SAINT-MARC-GIRARDIN (22 février 1801-11 avril 1873): Licencié ès-Lettres et en droit. agrégé des classes supérieures (1823). Chargé de 2nde au Collège Louis-le-Grand (1826). Chargé de Rhétorique (1828). Professeur suppléant à la Faculté des Lettres de Paris (11830). Professeur de poésie française (1833). En congé, suppléé par Lenient (1868-). Rédacteur au Journal des Débats depuis 1827. Éloge de Lesage (1822). Éloge de Bossuet (1827). Tableau de la Littérature française au XVIe siècle (1828). Cours de Littérature dramatique (1833-48), etc.

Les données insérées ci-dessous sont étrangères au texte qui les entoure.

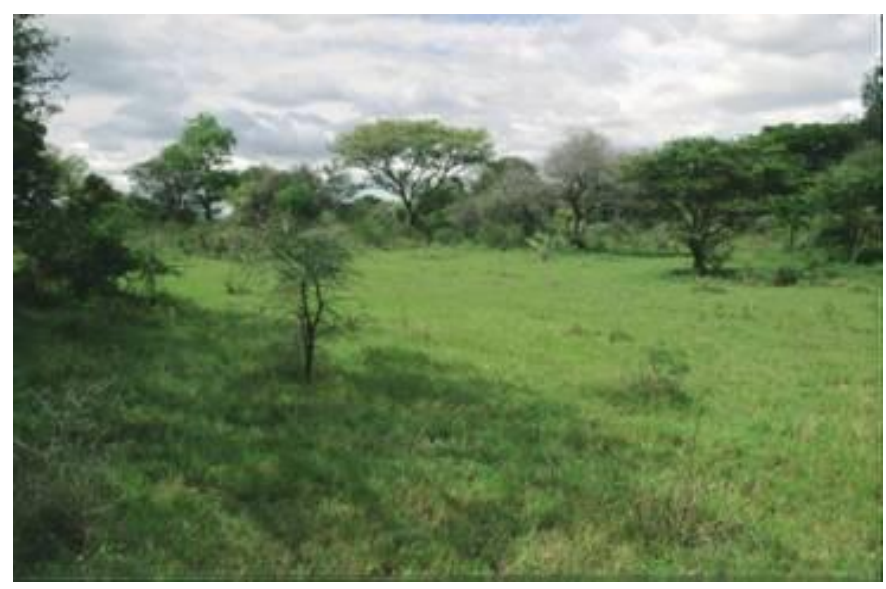
Fig 14 - Mixed Woodland near Yengweni Pan.

SAINT-RENÉ TAILLANDIER, René, Gaspard, Ernest (16 déc. 1817-23 fév. 1879): Docteur ès-Lettres (1843) et Agrégé des Lettres en 1844, après un séjour de deux ans (1840-41) à Heidelberg. Professeur suppléant de Littérature française à la Faculté des Lettres de Strasbourg (1841). Chargé de cours de littérature française à la Faculté des Lettres de Montpellier (1843). Suppléant de poésie française à la Faculté des Lettres de Paris (1863). Professeur d'éloquence française (1868). Secrétaire général du ministère de l'Instruction publique (1870). Professeur d'éloquence française à la Faculté des Lettres de Paris (1872). Décédé en fonctions. Scot Érigène, thèse de doctorat (1843). Tchèques et Magyars (1869), etc.

THÉRY: Condisciple de Michelet à Charlemagne; reçu premier à Normale en 1816, et titulaire de la chaire de Rhétorique à Versailles. Obtient, en juillet 1821, le prix annuel d'éloquence de l'Académie, pour un discours sur le Génie poétique.

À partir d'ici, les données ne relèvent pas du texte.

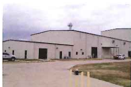
REG New Boston New Boston, TX 15 MGY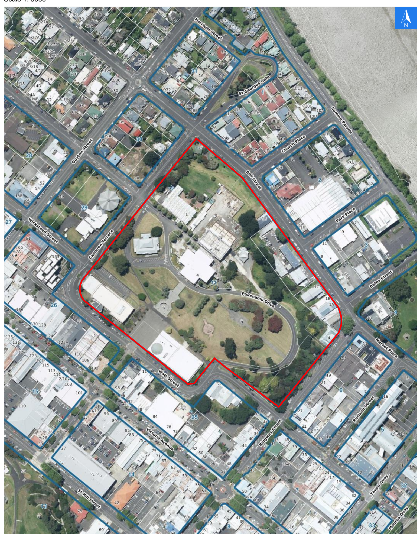
Scale 1: 3000

Digital map data sourced from Land Information New Zealand CROWN COPYRIGHT RESERVED. The information displayed in the GIS has been taken from Whanganui District Council's databases and maps. It is made available in good faith but its accuracy or completeness is not guaranteed. If the information is relied on in support of a resource consent it should be verified independently.

TOUSSENEL, Théodore (1806-1885) : Littérateur et germaniste, secrétaire de Michelet à partir de 1829, pour ses dépouillements et ses lectures en allemand. Auteur de l'Histoire de l'Europe de 1270 à 1660 (1881).

VILLEHARDOUIN: Premier volume de la collection des documents historiques de Petitot, publié en mars 1826.

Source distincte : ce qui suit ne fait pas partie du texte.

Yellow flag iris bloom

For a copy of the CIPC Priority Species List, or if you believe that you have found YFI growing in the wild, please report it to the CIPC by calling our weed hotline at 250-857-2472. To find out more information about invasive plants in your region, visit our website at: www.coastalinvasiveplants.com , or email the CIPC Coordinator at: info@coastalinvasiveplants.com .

VILLEMAIN, Pierre, Abel, François (9 juin 1790-8 mai 1870): Docteur ès-Lettres par Décret Professeur de français en classe de Rhétorique pour le jeune Michelet (1815), remplacé en cours d'année par Le Clerc, à la suite de sa nomination à la Sorbonne, comme remplaçant de Guizot. Pur produit de Louis-le-Grand, Villemain joue Sophocle en grec dès l'âge de douze ans. Son professeur de Rhétorique -- Luce de Lancival -- n'hésite pas à se faire seconder par lui lorsqu'il en est besoin. Étudiant en droit, Villemain est très apprécié dans le monde des Doctrinaires. Polygraphe humaniste, il occupe -- grâce à Fontanes -- la chaire de Rhétorique au Lycée Charlemagne dès l'âge de vingt ans. Il obtient rapidement en Sorbonne la chaire d'éloquence française qui lui convient mieux que celle d'histoire. De sensibilité politique apparentée aux doctrinaires. Chef de la division de la librairie et de l'imprimerie sous Decazes (jusqu'en février 1820), élu à l'Académie au fauteuil de Fontanes, mais exclu du Conseil d'État, Villemain est ministre de Louis-Philippe, Vice-président permanent du Conseil royal de l'Instruction publique. Il est l'auteur remarqué de la Préface à la sixième édition (1835) du Dictionnaire de l'Académie française. Éloge de Montaigne (1812). Éloge de Montesquieu (1816). Discours et mélanges littéraires (1823). Cours de Littérature française (1828). Mélanges philosophiques et littéraires (1829, 3 vol.). Discours académiques et parlementaires.